Opinion
No. 97-1149
Submitted October 20, 1997 —
Decided February 11, 1998.
ON CERTIFIED ORDER of the Supreme Court of California, No. 94-H-16252.
This cause is pending before the Supreme Court of Ohio in accordance with the reciprocal discipline provisions of Gov.Bar R. V(11)(F).
On September 21, 1995, respondent, Lewis James Ross of Costa Mesa, California, Attorney Registration No. 0043428, was suspended from the practice of law for ninety days by the Supreme Court of California in In re Lewis James Ross on Discipline, case No. 94-H-16252. He had failed to comply with the terms of a February 1994 private "reproval," which required that within thirty days he contact a State Bar Substance Abuse Monitoring Program in California.
On June 6, 1997, relator, the Office of Disciplinary Counsel of the Supreme Court of Ohio ("Disciplinary Counsel") filed with this court a certified copy of the California ruling, and on June 25, 1997, we issued an order to respondent to show cause within twenty days why comparable discipline in this state under Gov.Bar R. V(11)(F)(4) would not be warranted. Respondent failed to file a response.
Jonathan E. Coughlan, Disciplinary Counsel, and Stacy M. Solochek, Assistant Disciplinary Counsel, for relator.
The California proceedings established that in February 1994, respondent received a private "reproval" from the California State Bar as a result of his conviction for driving under the influence of alcohol in 1993. One of the conditions of this sanction was that respondent report to the State Bar Substance Abuse Monitoring Program in California within thirty days of the February 1994 order. Respondent not only failed to comply with the reporting requirements of the February 1994 order, but in April 1994 he was again arrested and later convicted for driving under the influence of alcohol. In September 1995, as a result of his failure to comply with the February 1994 order, the Supreme Court of California suspended respondent from the practice of law in California for ninety days. Respondent reported neither his private "reproval" nor his ninety-day suspension to the Disciplinary Counsel.
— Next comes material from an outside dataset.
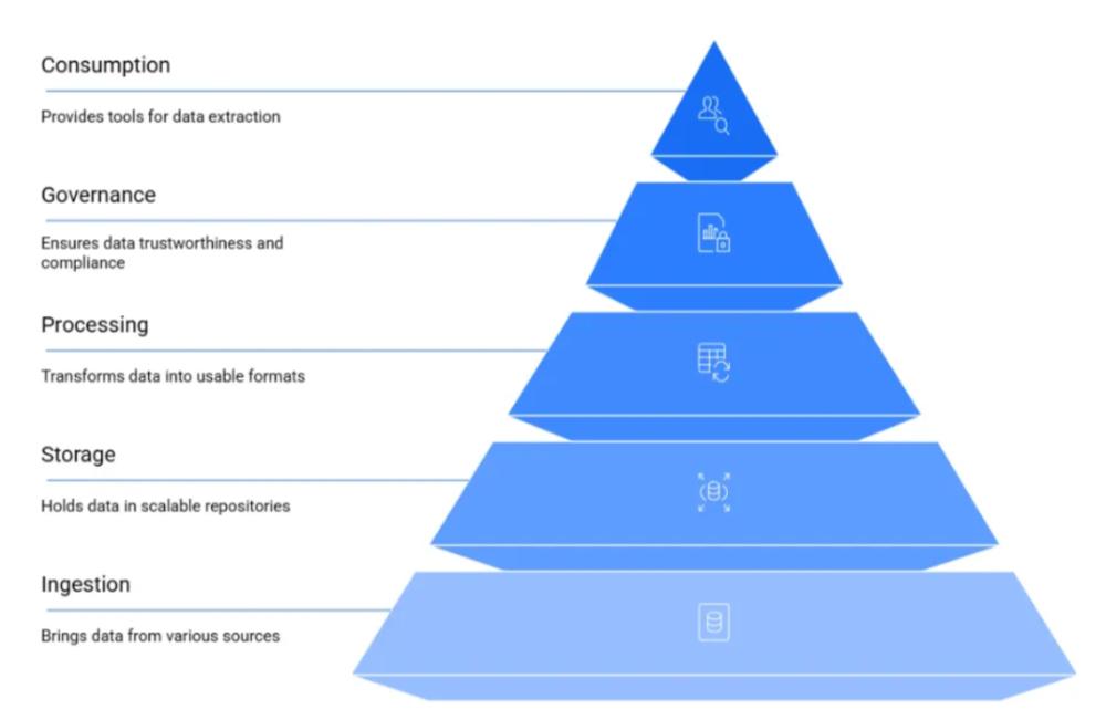 数据湖通过多个层级组织数据,这些层级协同工作,将原始信息转化为有价值的商业洞察。了解这些层级有助于组织设计高效的数据平台。

A certified copy of the findings of fact in the disciplinary proceeding in the original jurisdiction constitutes conclusive evidence for us that the respondent committed the misconduct, provided that he was afforded due process of law. (Cf. ABA/BNA Lawyers' Manual on Professional Conduct [1996], Rule 22[E], Model Rules for Lawyer Disciplinary Enforcement at 1:622; and Standard 2.9, Standards for Imposing Lawyer Sanctions at 1:814.) The record before us indicates that respondent was afforded an opportunity for a hearing in California, and it is apparent that he was provided procedural due process in that state. We therefore find that the facts which underlay the action of the California Supreme Court have been established.
When a respondent has received a sanction in another state, Gov.Bar R. V(11)(F)(4)(b) provides that the burden is on respondent to show by clear and convincing evidence that "the misconduct established warrants substantially different discipline in Ohio." When a respondent fails to reply to our show cause order, we have imposed discipline comparable to that imposed by the other state. Disciplinary Counsel v. Cochrane (1994), 71 Ohio St.3d 97, 642 N.E.2d 343. Respondent, therefore, is subject to a minimum sanction of suspension for ninety days.
However, by not informing Disciplinary Counsel of either his private "reproval" or his ninety-day suspension in California, respondent violated Gov.Bar R. V(11)(F)(1) (a disciplinary order in another jurisdiction must be reported to Disciplinary Counsel within thirty days). In such a situation, Gov.Bar R. V(11)(F)(6) provides that we may enhance the sanction imposed in the other state. Accordingly, respondent is hereby suspended from the practice of law in Ohio for six months. Costs taxed to respondent.
Judgment accordingly.
MOYER, C.J., DOUGLAS, RESNICK, F.E. SWEENEY, PFEIFER, COOK and LUNDBERG STRATTON, JJ., concur.